Cette installation combinée à une performance et une salle d’archives composent l’exposition protéiforme Mi’kwite’tmn3. D’abord présentée à Halifax en 2014, elle circule ensuite dans six autres provinces canadiennes jusqu’en 2018. Dans le cadre de sa performance, Johnson s’installe sur le cheval de rasage que son grand-père lui a légué4 et travaille le tronc d’un frêne quatre jours par semaine pendant huit heures consécutives. Au public avide de comprendre ce que fait l’artiste, Johnson répond : « I’m processing (Je traite) », dans le but d’ouvrir une réflexion sur la perte, l’incapacité et le travail manuel. À travers cette mise à l’épreuve du corps, Johnson produit ce qu’elle nomme des néo-artefacts. Elle accorde donc à ces rebuts jonchant le sol une valeur historique et culturelle, interrogeant ainsi les critères qui déterminent ce qu’est un artefact et ce que signifie la notion de consensus. L’outil de menuiserie et les néo-artefacts soigneusement conservés sont repris dans l’installation Lukwaqn / Elukwet / Amalukwet / Nata’lukwet / Elukwek / Amalukwek / Nata’lukwek5 (2022), présentée dans le cadre de la BNSC. Ces éléments sont réactivés par un dialogue qui se déroule non plus entre l’artiste et le public, mais entre l’artiste et son grand-père. L’éclairage feutré de la boîte noire crée un espace intimiste propice à la confidence. Une trame sonore à deux canaux reconstruit un impossible échange entre Johnson et son grand-père décédé subitement avant la pandémie. Les propos de son aîné proviennent d’un entretien enregistré cinq ans plus tôt et portent sur le travail du bois. Cette rencontre improbable traverse le temps et l’espace et reconstruit une conversation tant espérée par l’artiste. Il s’agit là d’une autre œuvre commémorative où la communication est maintenue malgré l’absence d’un des interlocuteurs. Cette transmission des savoirs ne passe plus par les corps en action, mais par la mémoire ravivée par les voix, les néo-artefacts et l’outil de son grand-père. De nouveau, le public est invité à réfléchir au rôle de l’institution, de l’archive, de la perte et du deuil, mais aussi à l’espace de vulnérabilité auquel donne accès Johnson à travers ce récit personnel. Bien que la performance et l’installation soient privilégiées par l’artiste, les formes que prennent ses créations varient selon les conversations qu’elle souhaite engager et avec qui.

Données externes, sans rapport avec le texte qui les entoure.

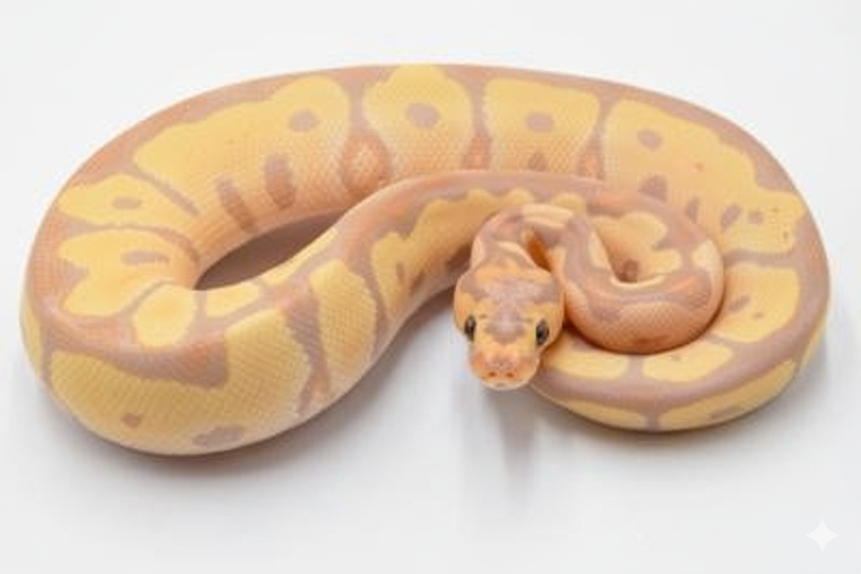 Le Python Royal Banana Clown fait partie de ces serpents qu’on identifie au premier coup d’œil. Sa robe combine une luminosité chaleureuse et un motif très dessiné, avec une impression de propreté visuelle qui plaît autant aux passionnés de génétique qu’aux amateurs d’esthétique. Dans un terrarium bien agencé, il devient une pièce maîtresse discrète, jamais criarde, mais toujours captivante.

Photo : Steve Farmer Courtoisie de l’artiste et de la Saint Mary’s University Art Gallery
Photo : Steve Farmer. Courtoisie de l’artiste et de la Saint Mary’s University Art Gallery
Ursula Johnson, Museological Grand Hall (2014)
Ursula Johnson, Museological Grand Hall (2014) Présentée dans de cadre de l’exposition Mi’kwite’tmn (Do You Remember), Saint Mary’s University Art Gallery. Photo : Steve Farmer. Courtoisie de l’artiste et de la Saint Mary’s University Art Gallery

À Venise pour un projet de recherche non lié à sa pratique, Johnson profite de ce passage pour penser de nouvelles œuvres comme cette performance dans la rotonde de la basilique Santa Maria della Salute. Confinée dans son appartement à son arrivée à Venise en raison de la COVID-19, Johnson a beaucoup réfléchi aux impacts sociaux, personnels et professionnels de la pandémie. Elle a aussi suivi les cérémonies qui ont eu lieu au printemps lors des rencontres entre les communautés autochtones, dont la sienne, et le pape François. Élevée dans une famille catholique, Johnson explique que depuis le baptême du Chef Membertou en 1610, les Mi’kmaq adoptent la religion catholique qui valorise les femmes de la Sainte Famille, ce qui fait écho aux valeurs matriarcales de la Nation. Bien qu’elle ne pratique plus, Johnson souhaitait faire une offrande en réponse à cette démarche réparatrice et aux membres de sa famille qui ont survécu aux pensionnats autochtones.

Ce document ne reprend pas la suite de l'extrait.